What to work on: From the line that holds "Der kleine Junge" to the last line below, retype everything exactly and nothing else; omit pictures.

Extracted material:
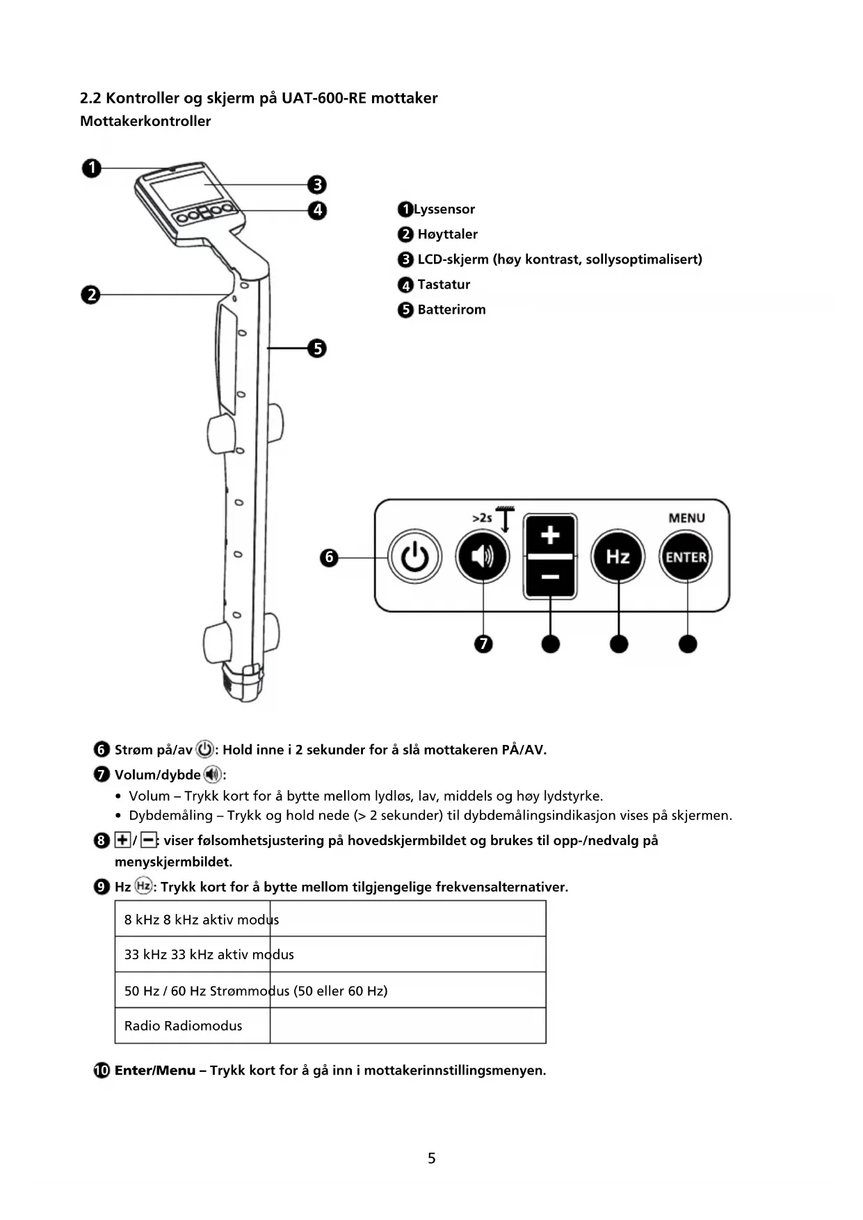 2.2 Kontroller og skjerm på UAT-600-RE mottaker
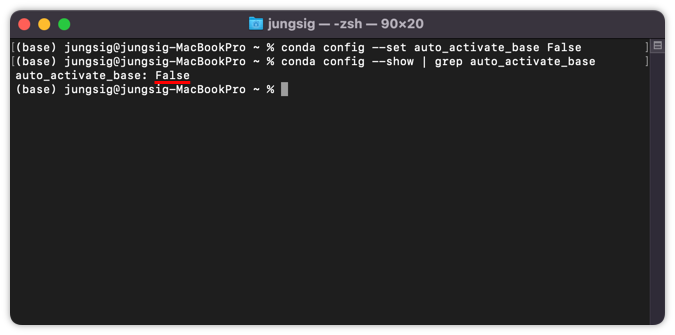 위 명령어를 사용하여 아나콘다 자동 활성화 모드를 비활성화 시킬 수 있습니다.
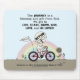 Der kleine Junge wird auf einer Schotterstraße gesehen, wie er mit dem Fahrrad fährt. Steine und Gräser sind entlang des Weges. Eine große Sonnenblume und ein Regenbogen in der Ferne bringen Schönheit auf seine Reise. Aus dem Zitat von David A. Carrizales werden wir daran erinnert, die Schönheit auf der Reise zu sehen, weil es ein Geschenk Gottes ist. Diese Abbildung ist von Christie Black.
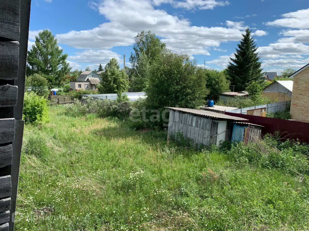 Участок разработан, есть все посадки, для садового инвентаря имеется деревянный сарай.
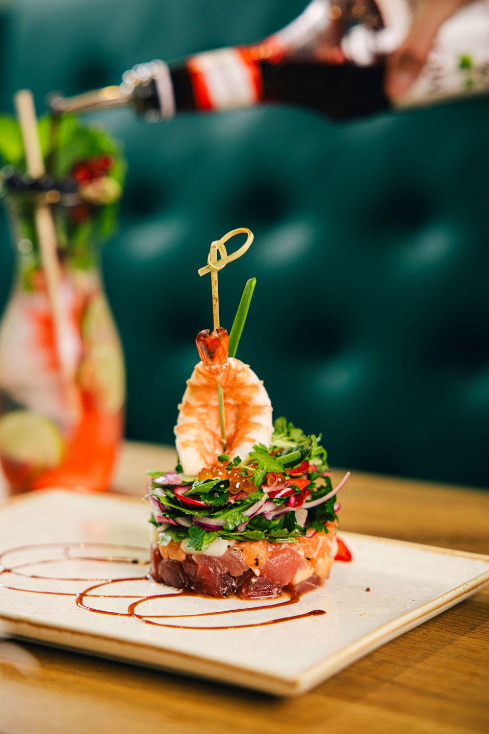 Spicy Lachs Tatar, Avocado, Gurke, Tobiko, flambierten Lachs und Schnittlauch
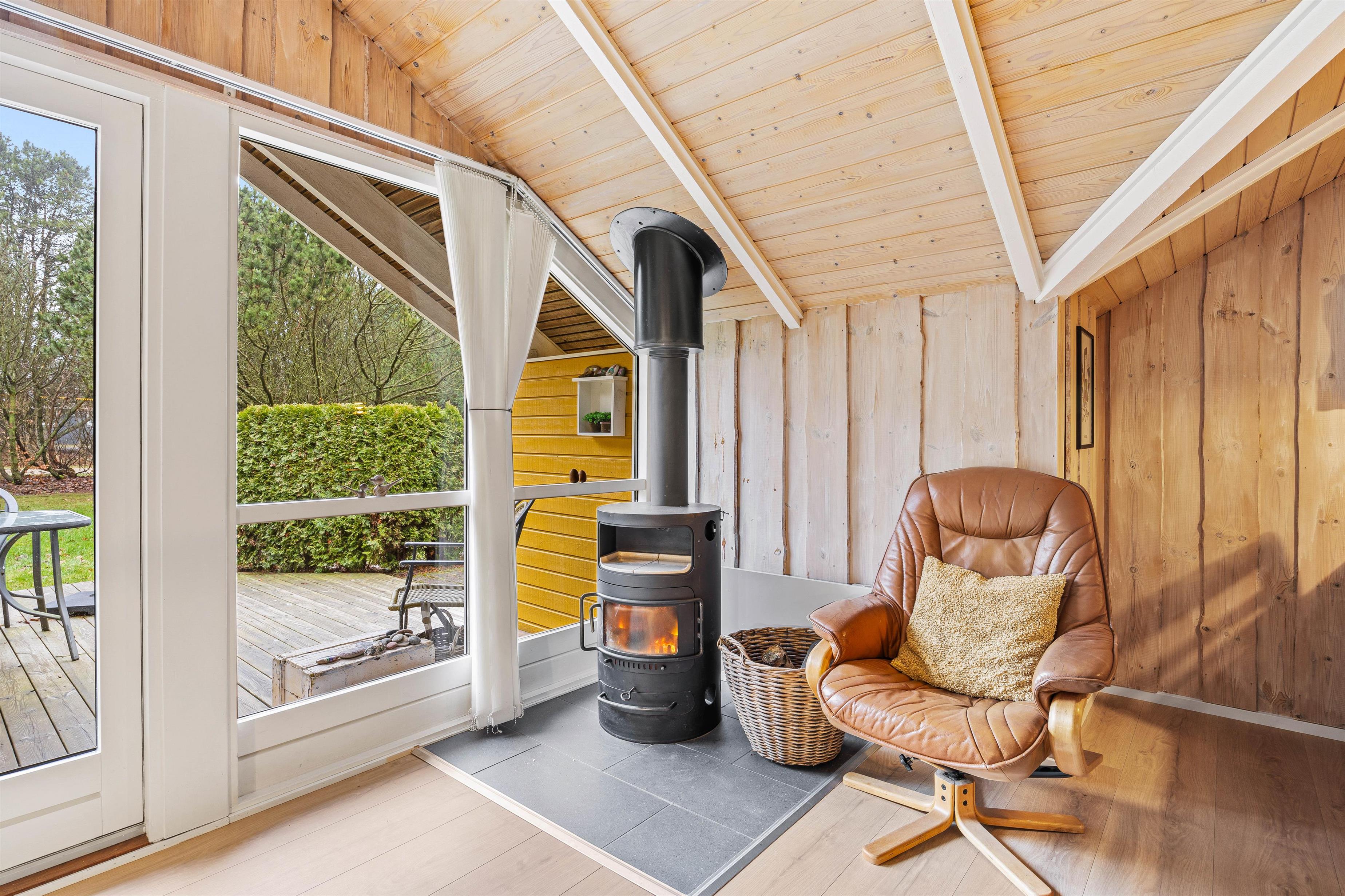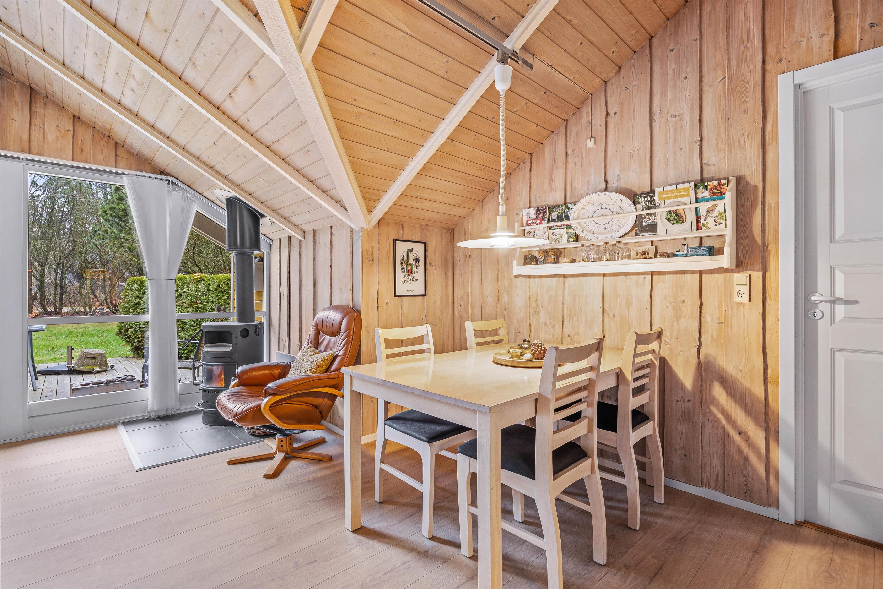 Stuen er udstyret med en hyggelig brændeovn, der bidrager til den klassiske sommerhuscharme og skaber en varm atmosfære til afslappede aftener. Med chromecast til rådighed kan I også nyde jeres yndlingsunderholdning.
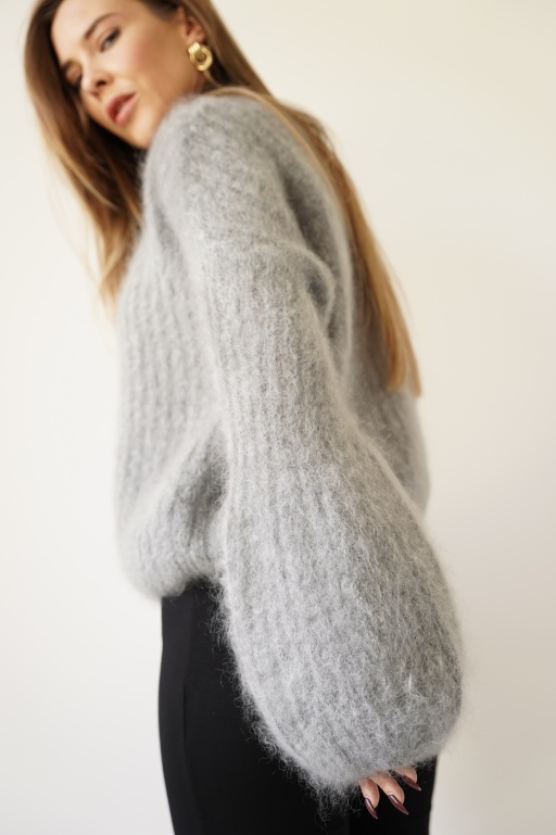 Puszysty sweterek z kid moheru z rękawami typu dzwonek Philo szary
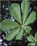 Ботаническая характеристика. Семейство конскокаштановые. Красивое раскидистое дерево высотой до 30 м. Листья супротивные, длинночерешковые, пальчатосложные, округлой формы. Красивые беловато-розовые цветки собраны в крупные пирамидальные метелки. Цветет в мае–июне. Плоды – шаровидные коробочки, покрытые шипами, содержат по 2–3 шт. крупных семян.

Answer area:
 Der kleine Junge wird auf einer Schotterstraße gesehen, wie er mit dem Fahrrad fährt. Steine und Gräser sind entlang des Weges. Eine große Sonnenblume und ein Regenbogen in der Ferne bringen Schönheit auf seine Reise. Aus dem Zitat von David A. Carrizales werden wir daran erinnert, die Schönheit auf der Reise zu sehen, weil es ein Geschenk Gottes ist. Diese Abbildung ist von Christie Black.
 Участок разработан, есть все посадки, для садового инвентаря имеется деревянный сарай.
 Spicy Lachs Tatar, Avocado, Gurke, Tobiko, flambierten Lachs und Schnittlauch
 Stuen er udstyret med en hyggelig brændeovn, der bidrager til den klassiske sommerhuscharme og skaber en varm atmosfære til afslappede aftener. Med chromecast til rådighed kan I også nyde jeres yndlingsunderholdning.
 Puszysty sweterek z kid moheru z rękawami typu dzwonek Philo szary
 Ботаническая характеристика. Семейство конскокаштановые. Красивое раскидистое дерево высотой до 30 м. Листья супротивные, длинночерешковые, пальчатосложные, округлой формы. Красивые беловато-розовые цветки собраны в крупные пирамидальные метелки. Цветет в мае–июне. Плоды – шаровидные коробочки, покрытые шипами, содержат по 2–3 шт. крупных семян.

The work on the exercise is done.